Я чувствую, как ускоряется мой пульс, когда доктор подходит ближе и внимательно осматривает мои глаза и уши.
Он просит меня снять ботинки и носки, а потом проводит ручкой какого-то металлического инструмента по моей голой ступне, от пятки до пальцев.
— Все в порядке? — спрашивает он, стоя на коленях и не выпуская из рук мою левую ступню.
— Все отлично! — отвечаю я, пытаясь убедить в этом саму себя. На самом деле я вся на нервах.
— Хорошо, — произносит доктор, вставая и закрывая папку. Он подходит к двери, берется за ручку и говорит: — Ты не могла бы пригласить маму и вместе с ней зайти ко мне в кабинет?
— Конечно, — отвечало я, изо всех сил сжимая свои ботинки, чтобы набраться сил.
Когда он выходит из комнаты, я с шумом выдыхаю. И только после этого начинаю потихоньку уверять себя в том, что причина, скорее всего, все- таки простая.
Я не помню его потому, что сегодня вижу в последний раз.
Не тратя время на размышления о том, почему так случилось, я сползаю со стола, и хрустящая бумага слетает на пол следом за мной. Выбросив ее в мусорный бак, я сажусь на стул доктора и, делая равномерные глубокие вдохи, надеваю носки и ботинки.

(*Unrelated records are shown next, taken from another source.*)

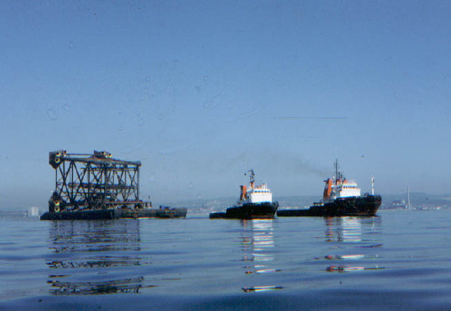 The Kittywake Jacket being towed out from the RGC yard in Methil. River Forth.
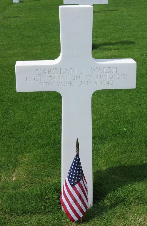 1st Sgt Carolan J. Walsh was a graduate of St. Louis University and Georgetown University, Washington and was an editor for twelve years with the American Law Book Company in Brooklyn before he enlisted.Source of information: Peter Schouteten, www.abmc.gov, www.wwiimemorial.com, www.ancestry.com - Headstone and Interment Record / U.S. WWII Draft Cards Young Men / 1910 Census, www.10tharmored.com, www.findagrave.com, www.newspapers.com – The Tablet 24 February 1945
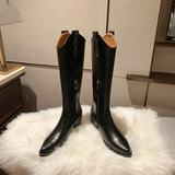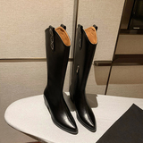 Флисовые высокие высокие сапоги с заостренным носом, из натуральной кожи
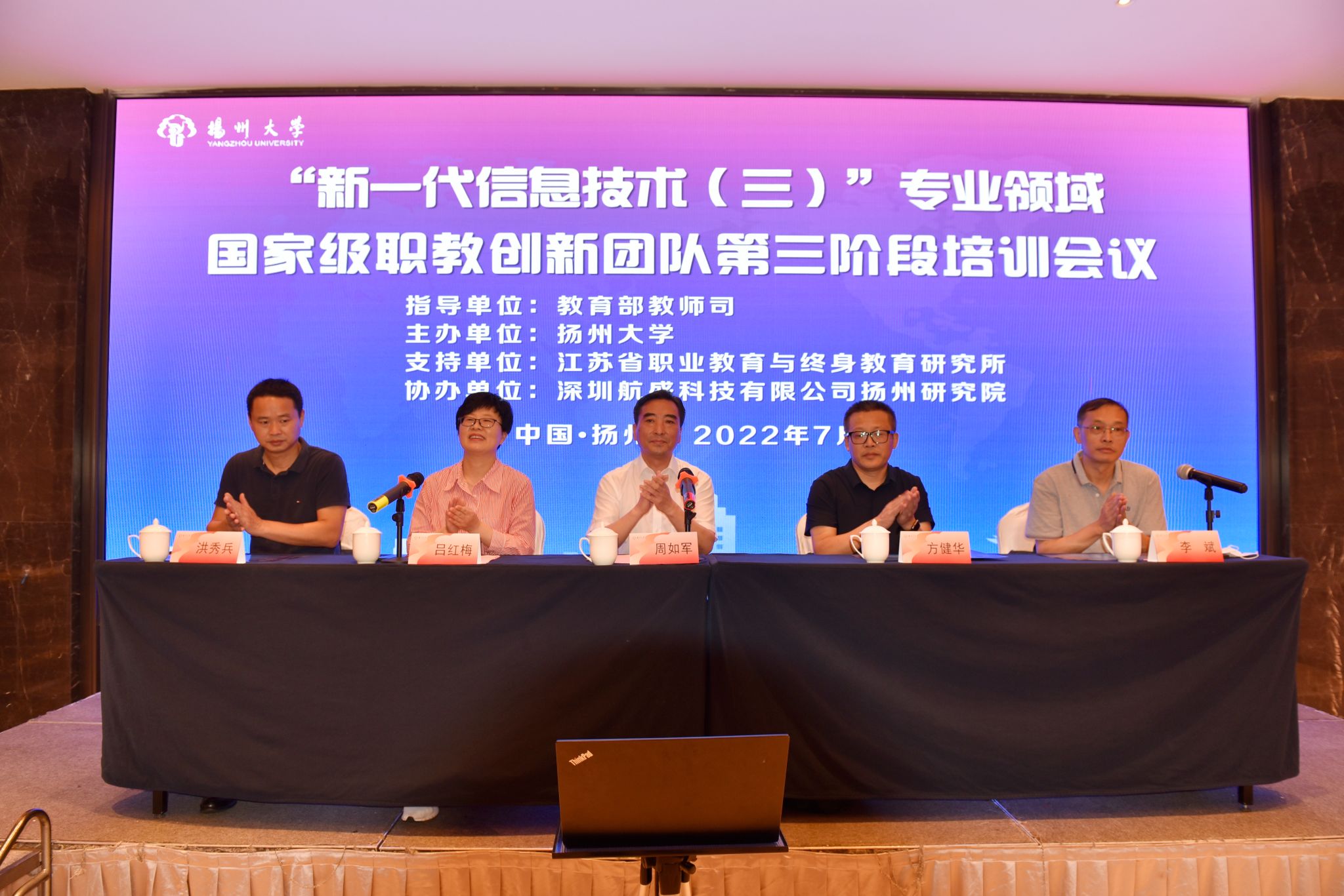 为推进国家级职教创新团队建设进程,7月20日至26日,由教育部教师工作司指导,扬州大学主办的“新一代信息技术”专业领域国家级职教创新团队第三阶段培训会议在扬州举行。来自全国9个省(市)的14支第2批国家级职教创新团队和6支首批创新团队280余人,通过线上与线下相结合的方式参加了培训,教育部教师工作司副司长宋磊出席开班典礼并讲话,与会人员就创新团队建设方法及经验分享交流。开云官网国家级职教创新团队11名骨干教师参加了线下会议,另有8名教师参加了线上会议。

Открыв дверь смотровой, я с удивлением обнаруживаю, что мама ждет снаружи.
— Все в порядке? — спрашивает она.
— Угу, — отвечаю я.
Она как-то странно смотрит на меня, но потом все-таки улыбается и поворачивается в ту сторону, где, наверное, находится кабинет доктора. Я иду следом за ней до самого конца коридора.
Табличка на двери гласит: «Д-р СТИВЕН СЭМПЛ».
Войдя внутрь, мы с мамой присаживаемся на стулья перед бессмысленно огромным столом. Кабинет совсем не большой, но каждая деталь интерьера оглушительно кричит: «Я — НАЧАЛЬНИК».
Доктор Сэмпл садится наискосок от нас и снова открывает мою папку.
— Как вы себя чувствуете, миссис Лэйн? — спрашивает он маму, не поднимая глаз от бумаг.
— Мисс, — поправляет она, и я слегка морщусь от неловкости. — Я прекрасно себя чувствую, — добавляет мама.
— Это чудесно, — восклицает доктор точно так же, как и после моего ответа на тот же вопрос. Может быть, он просто робот, обтянутый человеческой кожей?
После этого доктор Сэмпл обращает на нас свой взгляд и голос. Одновременно.
Итак, — громко начинает он. — Физически Лондон выглядит совершенно здоровой. Я просмотрел данные ее МРТ, сделанного на прошлой неделе, и вижу, что в черепушке у нее тоже все нормально. — В этом месте он прерывается и улыбается мне фальшивой улыбкой. — Сканирование не выявило никаких тревожных очагов, нарушений или опухолей, никаких кровотечений, травм и прочих неприятностей.
— Это прекрасно, — говорит моя мама.
— Однако с памятью ситуация остается прежней? — спрашивает доктор у мамы.
— Да, — отвечает она. — Никаких изменений.
Тогда он переводит взгляд на меня.
— Ты не могла бы ответить на несколько моих вопросов, Лондон? Это нужно для проверки.
— Конечно, — отвечаю я.
— Превосходно. Так-так, с чего бы нам начать? Попробуем с самого простого — расскажи мне о своем сегодняшнем дне. Расскажи все, что можешь вспомнить: цвета, запахи, время. Как можно подробнее, пожалуйста.
Доктор Сэмпл откидывается на спинку кресла и сцепляет руки на животе. Напрасно он это сделал. Теперь он больше не похож ни на героя, ни на злодея, а выглядит как характерный актер, специализирующийся на типаже «доктор».
Я вздыхаю, потому что мне заранее наскучил этот разговор.
Затем я минут десять подробно перечисляю события сегодняшнего утра: от лежания в темноте после пробуждения и подбора одежды до ощущения, что меня вот-вот вырвет съеденным с утра блинчиком при виде аварии, а оттуда до лифта, хрустящей бумаги и настоящего момента.